My feelings about meetings are fairly well known. Over the course of a career I can count on one hand the number of meetings that were really worth having or couldn’t have been more effectively dealt with in an email or by just sending out the slides. Sitting there, glazed eyes staring blankly at whoever happens to be sitting across from me, my mind wanders. There are a few other people who seem obviously bored. Others are giving a good account of paying attention. I wonder if it’s just me whose mind has slipped its tether and is wandering unescorted from idea to idea without purpose or destination.

I wonder if I’m the only one who’s attention span isn’t up to the task at hand. A few seem to be held in rapt attention, hanging on every syllable while it’s taking every bit of rapidly decaffeinating will power I can muster just to keep my chin from dropping slack to my chest.

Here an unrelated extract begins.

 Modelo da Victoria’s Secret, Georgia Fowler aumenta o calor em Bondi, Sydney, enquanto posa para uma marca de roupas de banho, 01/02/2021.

We all proceed as if things are as they should be and the happy fiction is maintained for another day. I can’t imagine the furor that would erupt if one brave soul were to stand up and call the bloody great waste of time out for what it is. In fact I’ll probably be forced to give up my Senior Bureaucrat Secret Decoder Ring for having the audacity to speak aloud of such seditious thoughts.

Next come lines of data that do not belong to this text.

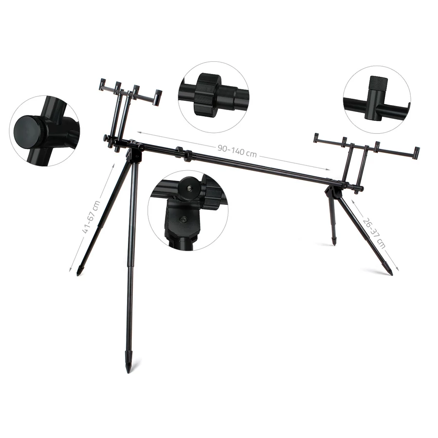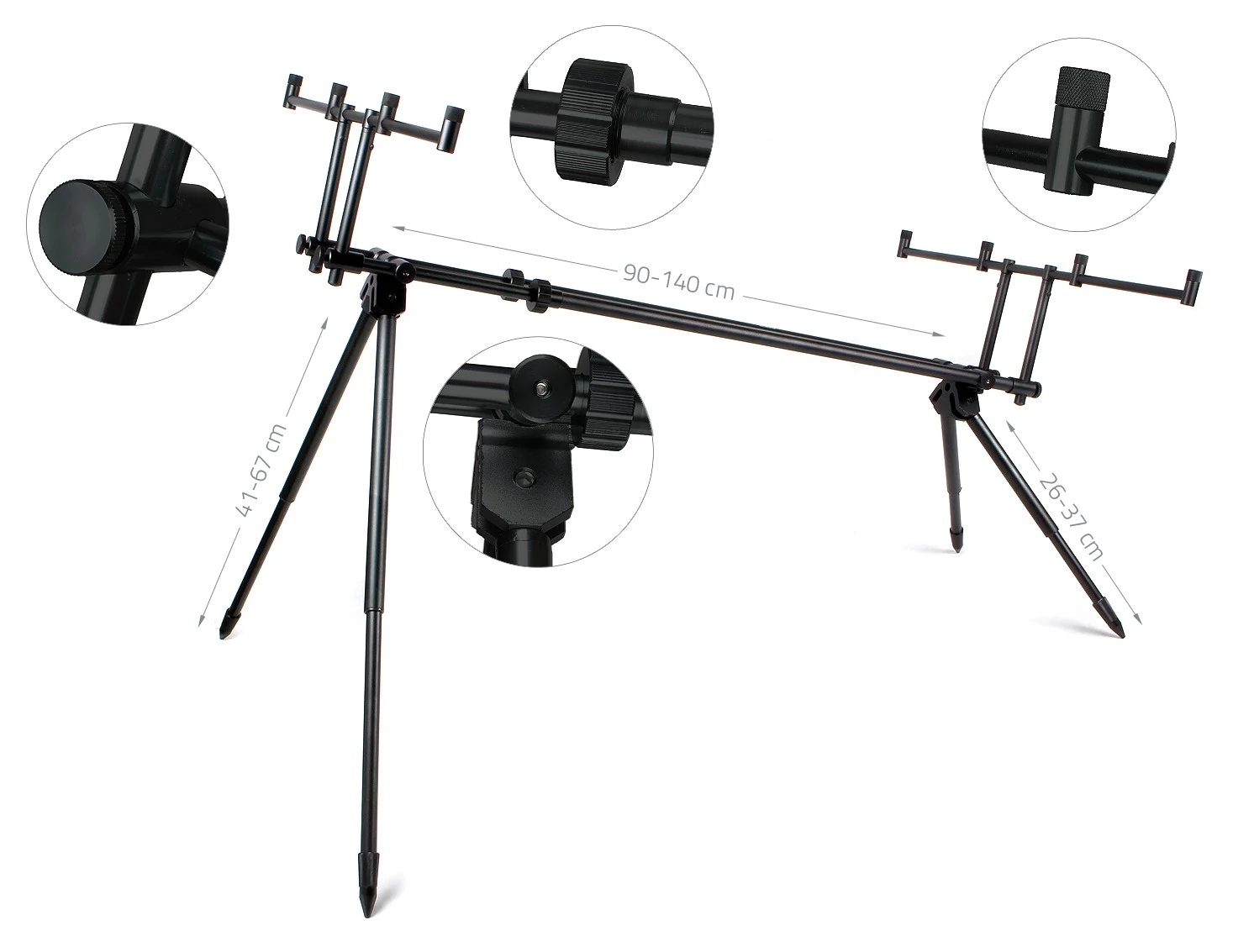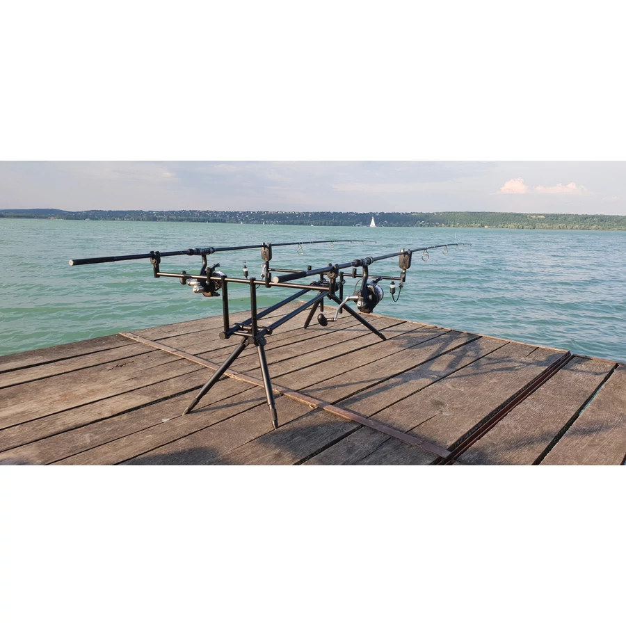 A négybotos kereszttartónak köszönhetően botjainkat tetszés szerinti távolságban helyezhetjük el egymástól. Az önzáró teleszkópos lábak fokozatmentes láb beállítást tesznek lehetővé, illetve az állítható magasságú kereszttartókkal tudjuk a rod pod súlypontját lejjebb vinni, ami nagyon előnyös szeles időben. A kontraanyás kereszttartókon a kapásjelzők és bottartófejek egyszerűen lefixálhatóak a helyes állásba. Párnázott hordozó táska védi a szállitási sérülésektől.
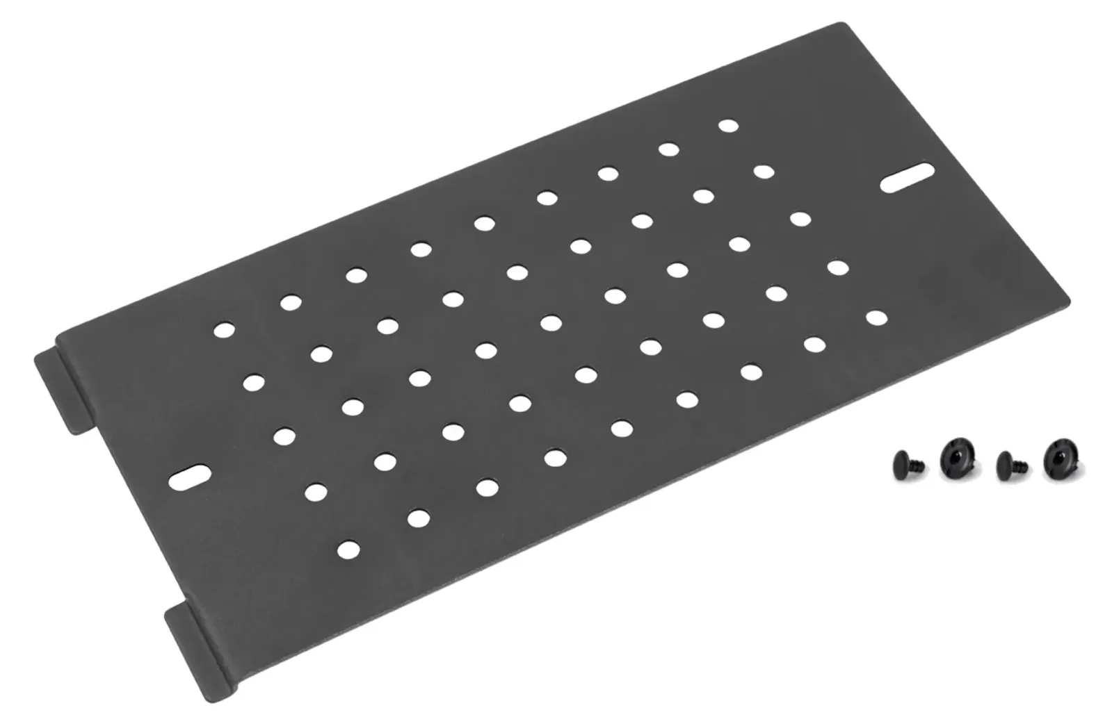 The RockBoard The Tray is a universal mounting solution for pedalboard power supplies, designed to fit under most new RockBoard models (excluding DUO 2.0–2.3 and TRES 3.0). Built from durable steel, The Tray offers a perforated surface that allows flexible mounting using screws, cable ties, hook-and-loop, or adhesive tape. It attaches easily using the board’s existing support brace structure—no drilling required—and is secured with just one screw. Whether you're running a compact or full-size power supply, The Tray ensures a clean, secure installation beneath your board for a clutter-free setup.
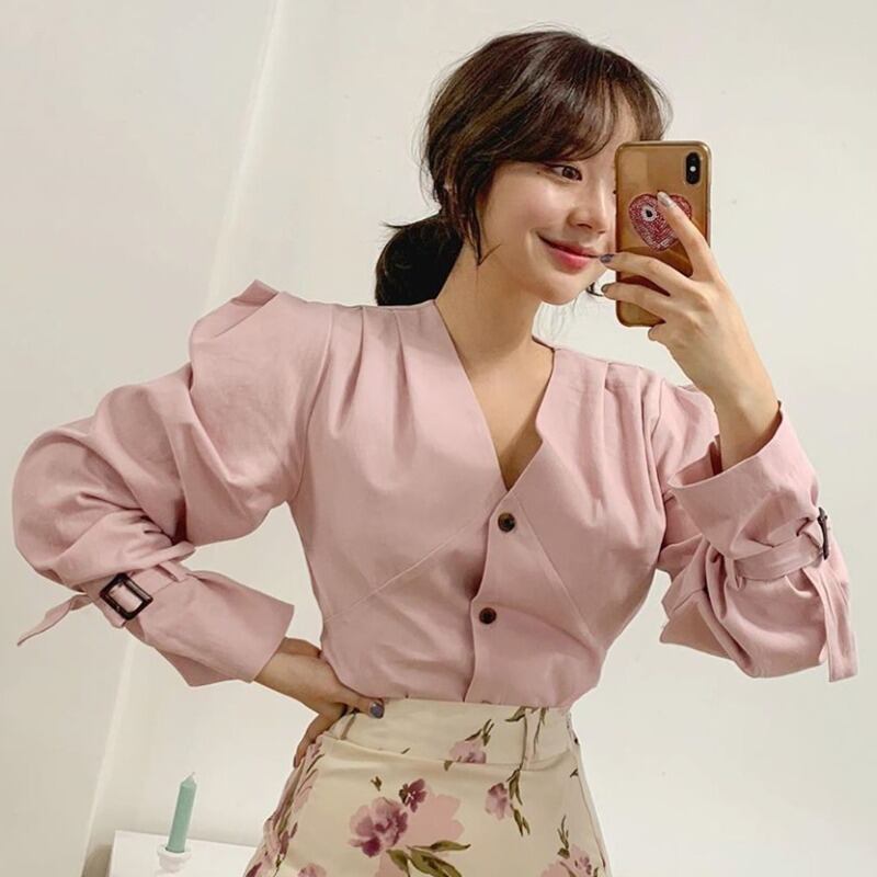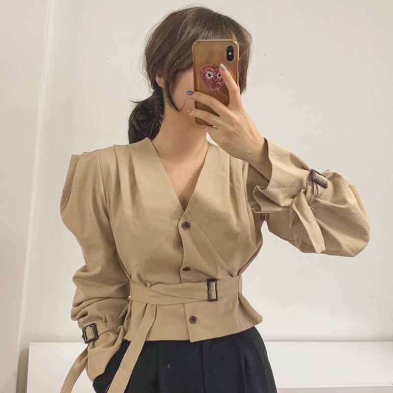 オータムスタイルスタンダードVネックウェストショートシャツ トップス レトロ 秋物 ICC_レディース9083512

Sigh. The lies we tell ourselves.

What Annoys Jeff this Week?

1. I don’t think I’m giving away any state secrets when I say that if you build a giant office complex at the end of a peninsula and then fill it with people, there are only going to be a limited number of ways people can get and their cars and drive away from that facility at the end of the day. When you close some of those already unlimited number of exits things get worse. When you additionally closed one of the few that is usually open just in time for peak traffic, well, you get thousands of people clogging every feeder road fighting to measure progress towards the gate in feet rather than inches. I get that shit happens, but when it does I feel like someone would have a plan to address it – like maybe opening up one of the long shuttered gates just for the day and just for outbound traffic. Being the considerer of worst case scenarios that I am, I’m abjectly horrified at the prospect of what a real honest to God emergency evacuation of this place would look like when just closing one single gate can leave traffic gridlocked for over an hour.

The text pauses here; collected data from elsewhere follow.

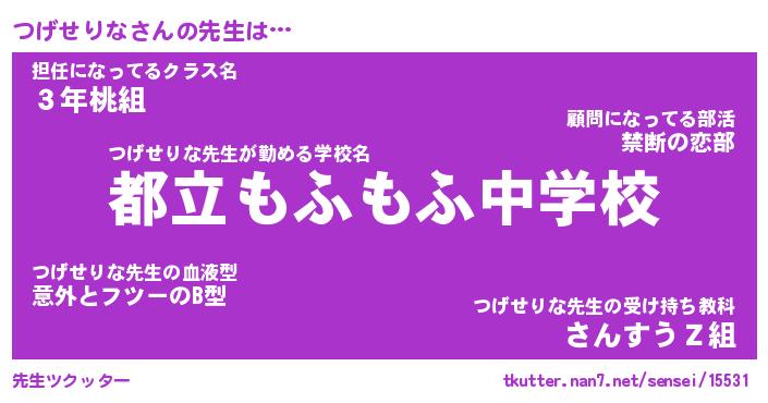 | ファンタジー風あだ名 | 『ツゲフェル』『エターナルツゲセリナー』 |
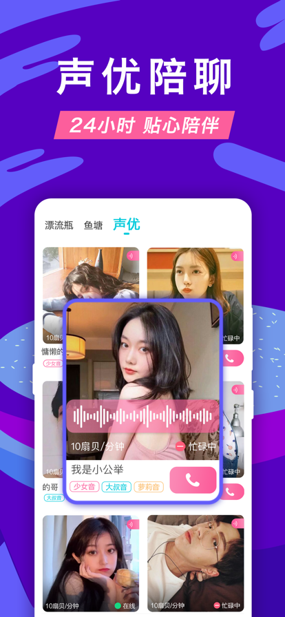 精选独具特色的那个TA,萝莉音、逗趣小哥哥、御姐范、知心大姐、东北老铁,遇见有趣的那个人。
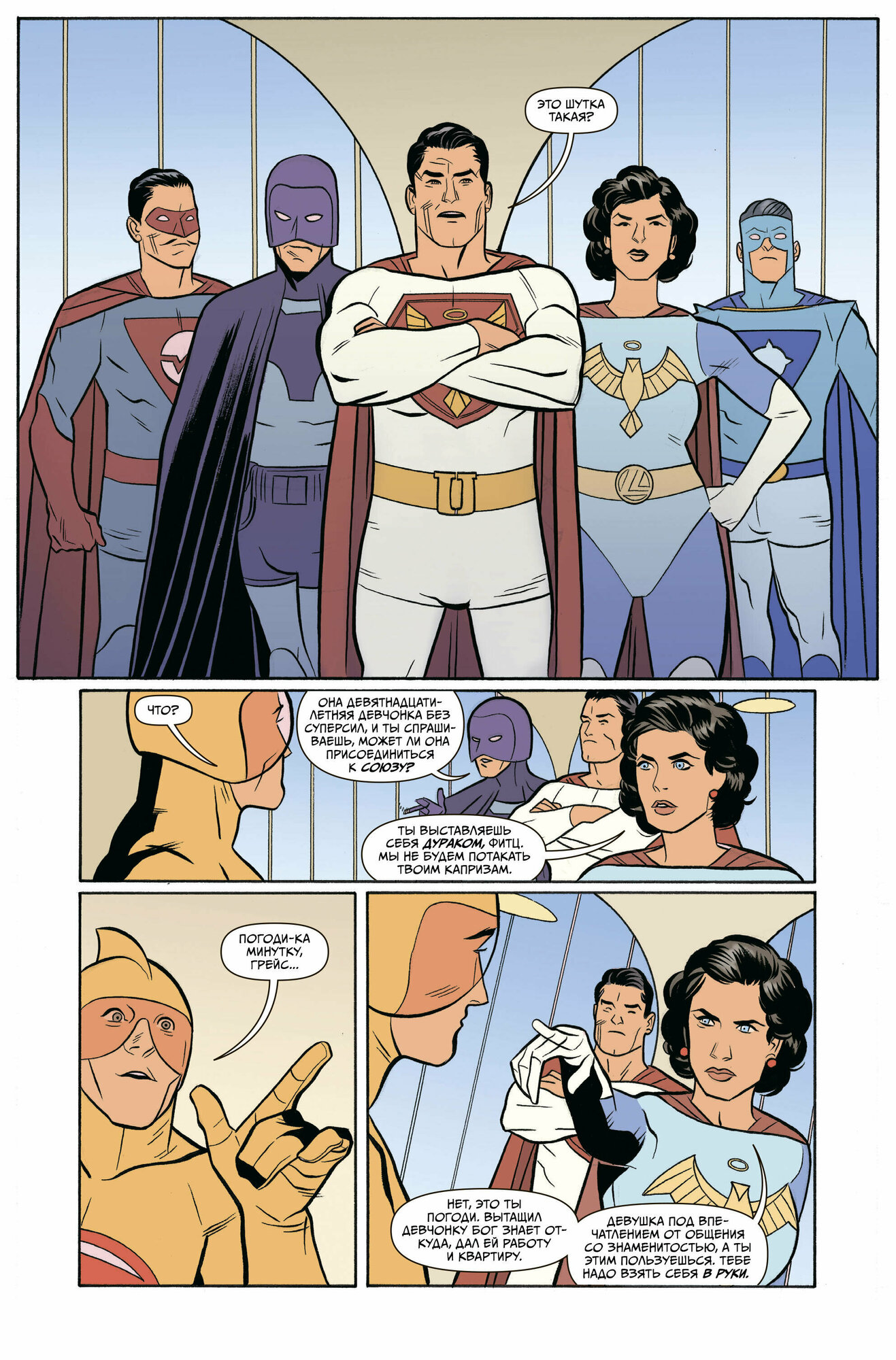 Первый том знаменитого комикса от Марка Миллара теперь можно почитать и на русском языке. Сюжет повествует о семье супергероев, которая уже 80 лет аки боги приглядывает за человечеством. Но если старшие супергерои придерживаются строгого морально-этического курса, то младшие не чужды поддаться низменным инстинктам. Именно на этом противоборстве отцов и детей и завязан главный конфликт произведения. Комикс чем-то напоминает "Пацанов", только без откровенной жести и чернухи. К сожалению, он не так популярен у нас в России как те же "The boys". Отвратительно снятый и закрытый после первого сезона сериал также не пошел на пользу в этом плане. Однако произведение достойное, и как минимум с первым томом я советую ознакомиться.
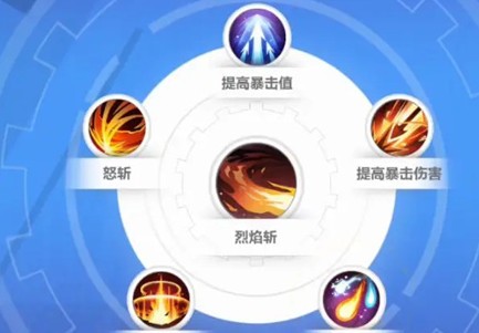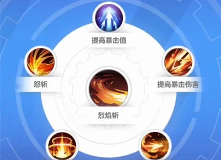 烈焰斩-提高暴击值-怒斩-元素融合-火焰爆发-附加火焰伤害/提高暴击伤害(提高暴击伤害是在拥有战意,面板暴击率在35-50%之间带)

2. The death of a dream. With my 1.6 billion dollar dream now laying in ashes, divided to those with better luck in California, Tennessee, and Florida, I suppose it’s back to building wealth the old fashioned way – piling money regularly into a well-balanced, low-fee retirement vehicle. It’s not nearly as sexy or exciting as winning the Powerball, but it’s something… and statistically way more likely to pay out, though I think my newest ambition to retire early to a 17th century Scottish grousing estate may have to be shelved for the time being.

3. Extemporaneous speaking. Back when dinosaurs rules the earth and I was a student we were required to deliver “off the cuff” presentations. Being able to give a talk without the benefit of notes was something they assured us would be of the utmost importance in whatever fictitious versions of the “real world” they’d concocted in their heads. In the actual world I inhabit, extemporaneous remarks have almost never come into play. Instead of mastering the content there’s a constant stream of requests for notes, bullet points, or an entire script no matter how mundane the topic at hand. Maybe having that seamless, well-reasoned, and articulate messages is reassuring to other people around the table, but for the guy putting the words in your mouth it never rises above “vaguely unsettling.”